Once the line with "Deze elegante en" is found in the entries below, repeat it and each following line exactly, up to and including the line with "- S(ilvano) D(omestico)". Add no other lines.
EXTRACTED MATERIAL Block Start
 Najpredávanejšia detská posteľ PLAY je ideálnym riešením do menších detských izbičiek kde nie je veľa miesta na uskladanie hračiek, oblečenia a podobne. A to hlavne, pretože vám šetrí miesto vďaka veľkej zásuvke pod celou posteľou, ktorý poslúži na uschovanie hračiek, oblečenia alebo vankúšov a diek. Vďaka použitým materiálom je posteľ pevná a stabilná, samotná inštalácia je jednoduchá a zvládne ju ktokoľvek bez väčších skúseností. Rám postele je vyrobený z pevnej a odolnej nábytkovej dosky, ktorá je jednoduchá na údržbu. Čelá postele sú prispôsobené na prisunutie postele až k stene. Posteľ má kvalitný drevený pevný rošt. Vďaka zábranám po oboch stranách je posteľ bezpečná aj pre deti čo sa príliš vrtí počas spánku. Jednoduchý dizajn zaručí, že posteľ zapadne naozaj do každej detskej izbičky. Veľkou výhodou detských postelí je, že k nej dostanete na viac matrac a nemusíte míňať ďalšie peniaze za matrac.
EXTRACTED MATERIAL Block End
EXTRACTED MATERIAL Block Start
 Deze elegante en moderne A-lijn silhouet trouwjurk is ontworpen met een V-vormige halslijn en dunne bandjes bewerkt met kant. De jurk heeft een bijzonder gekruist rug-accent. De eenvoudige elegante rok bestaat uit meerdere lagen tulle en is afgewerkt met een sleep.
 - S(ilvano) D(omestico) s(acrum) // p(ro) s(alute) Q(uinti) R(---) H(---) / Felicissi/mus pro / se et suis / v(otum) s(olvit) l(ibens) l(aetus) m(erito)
EXTRACTED MATERIAL Block End
EXTRACTED MATERIAL Block Start
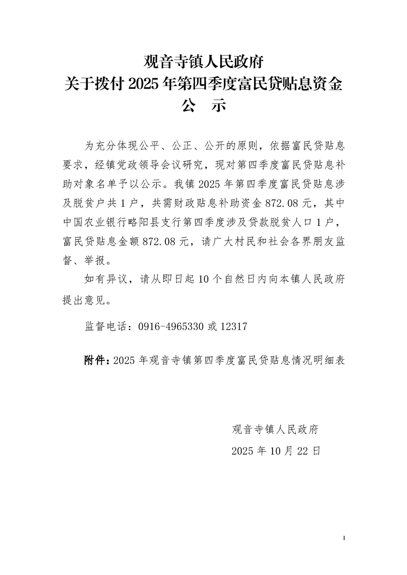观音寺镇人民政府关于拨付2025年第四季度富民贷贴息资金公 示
EXTRACTED MATERIAL Block End
__FINISHED TASK__
 Deze elegante en moderne A-lijn silhouet trouwjurk is ontworpen met een V-vormige halslijn en dunne bandjes bewerkt met kant. De jurk heeft een bijzonder gekruist rug-accent. De eenvoudige elegante rok bestaat uit meerdere lagen tulle en is afgewerkt met een sleep.
 - S(ilvano) D(omestico) s(acrum) // p(ro) s(alute) Q(uinti) R(---) H(---) / Felicissi/mus pro / se et suis / v(otum) s(olvit) l(ibens) l(aetus) m(erito)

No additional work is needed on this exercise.